Date Posted: December 8 2006

By Stuart Appelbaum

It is no secret that the Democratic national election victory has less to do with who the Democrats are than who they are not. But while voter outrage over the Republicans' handling of just about everything carried Democrats across the finish line, it will take more than Bush-bashing to keep them there.

What's a party to do? Here is my suggestion: Reform labor laws first. This may seem obscure, but the truth is that it is one of the most significant problems the Democrats could take on. It is also one that could yield enormous political dividends for them in years to come.

Unions, of course, have been under the gun for some time. Today, the illegal firing of workers who attempt to organize is commonplace. Under the control of Republican appointees, the National Labor Relations Board has further fanned the flames of employer resistance to organized labor.

In a series of recent decisions the labor board even gave a green light to business efforts to reclassify millions of workers as supervisors, thus robbing as many as eight million Americans of their right to collective bargaining.

While the decline in unionization has thrilled labor's conservative opponents, it has exacted a huge toll on Michigan. Historically, unions have enabled Americans, who might otherwise live in poverty, to join the middle-class.

They still can. On average, unionized workers' wages are 29 percent higher than their nonunion counterparts. What's more, only 16 percent of nonunion workers have guaranteed pensions, compared to 73 percent of union workers. No less significant, more than 90 percent of unionized workers have jobs that provide health insurance benefits, by virtue of having the right to collectively bargain.

The problem is not that Democrats in Congress are anti-union. Today, virtually all of them are co-sponsors of the Employee Free Choice Act; a bill to ease the ability of workers to organize and more effectively punish employers who violate labor laws.

The problem is that Democrats too often consider reforming labor laws to be a niche issue: a priority for union officials alone. It doesn't have to be that way. Instead, Democrats can make the revitalization of America's unions a cornerstone of their economic agenda. It would be in their interest to do so.

A new study by labor expert Jim Grossfeld for the Center for American Progress, points out that even well educated white collar workers feel they are treading water as they face growing economic uncertainties. Many see their careers tanking. Instead of shying away from unions, he urges political progressives to show how organized labor can help them succeed in the new economy.

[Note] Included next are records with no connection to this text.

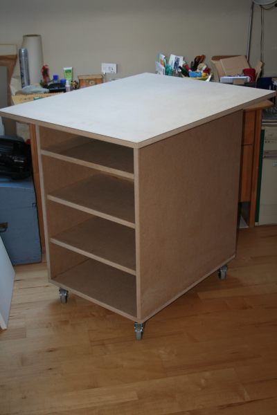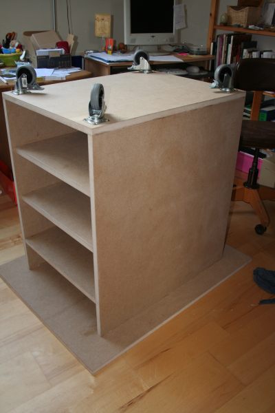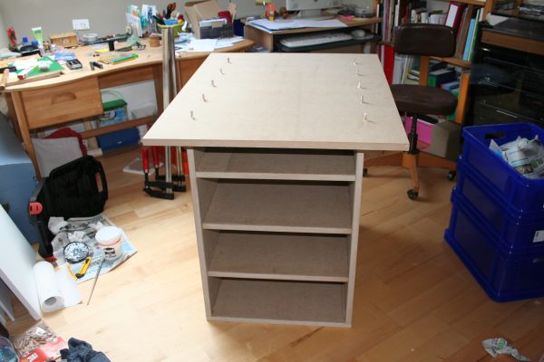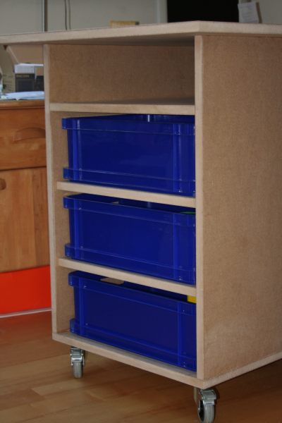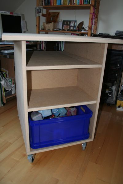 Es wurde eine Arbeitsplatte gebraucht und gleichzeitig sollte Stauraum entstehen. Mir fiel so eine Art Rolltisch ein.
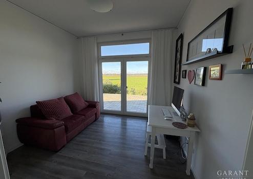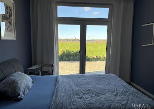 Ebenfalls zum Wasser offen ist das Kinderzimmer (Büro) und das Schlafzimmer, welches ein angegliedertes Ankleidezimmer hat. Ein großzügiges Bad mit Wanne, Walk-In-Dusche und WC runden das Objekt ab.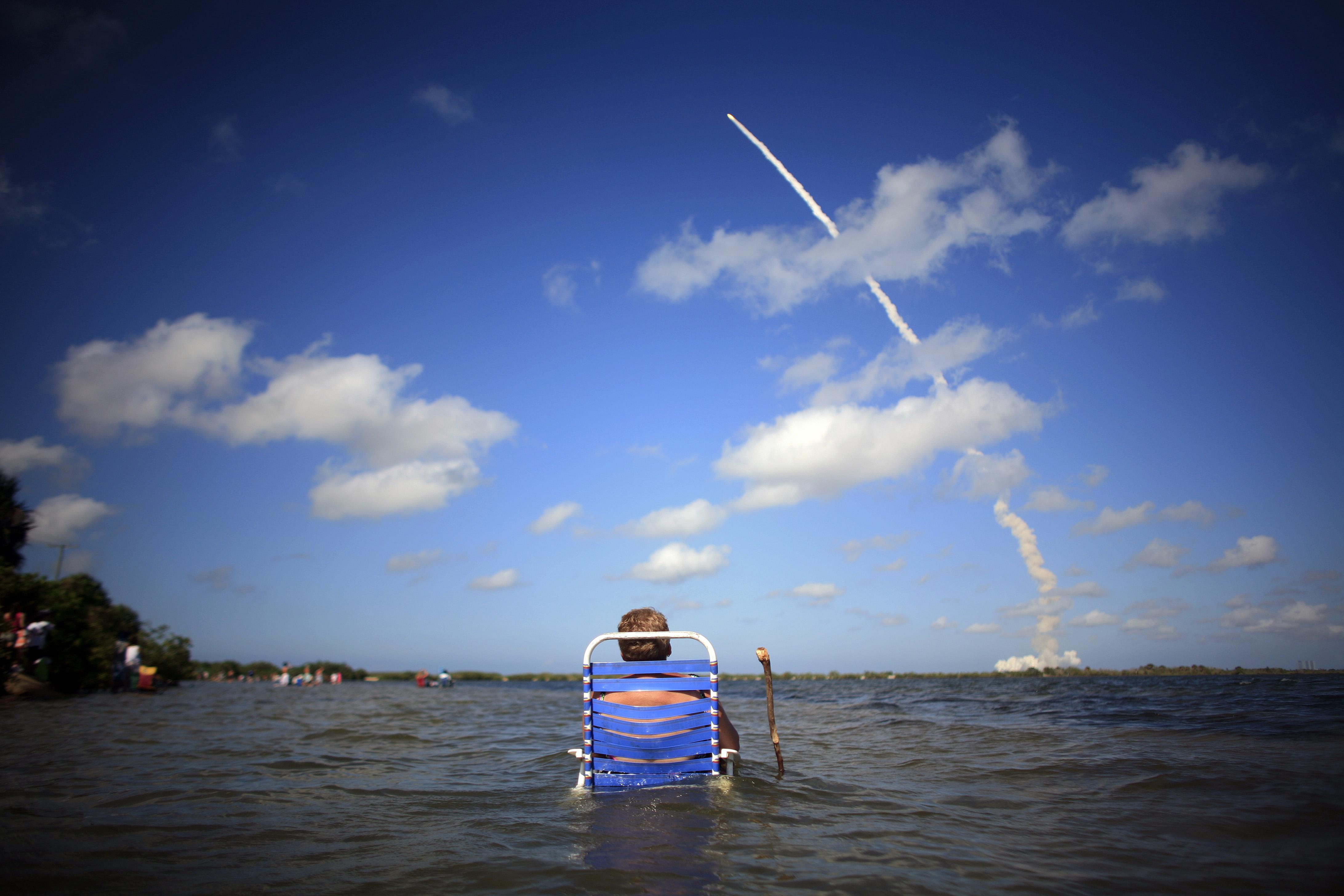 | A woman watches from Titusville, Florida as the space shuttle Discovery launches from pad 39A at the Kennedy Space Center in Cape Canaveral, Florida May 31, 2008. [Agencies] |

Now that Democrats have won the power to set the agenda in the next Congress they will need to move fast to demonstrate that they have something substantive to offer U.S. workers, blue and white collar alike. Sure, let's raise the minimum wage and make college more affordable. But Democrats can do more than
that: they can move to strengthen the right to organize and, with it, give all Americans a stronger voice on the job and more control over their own future.

Unions, they may discover, are an old idea whose time has come.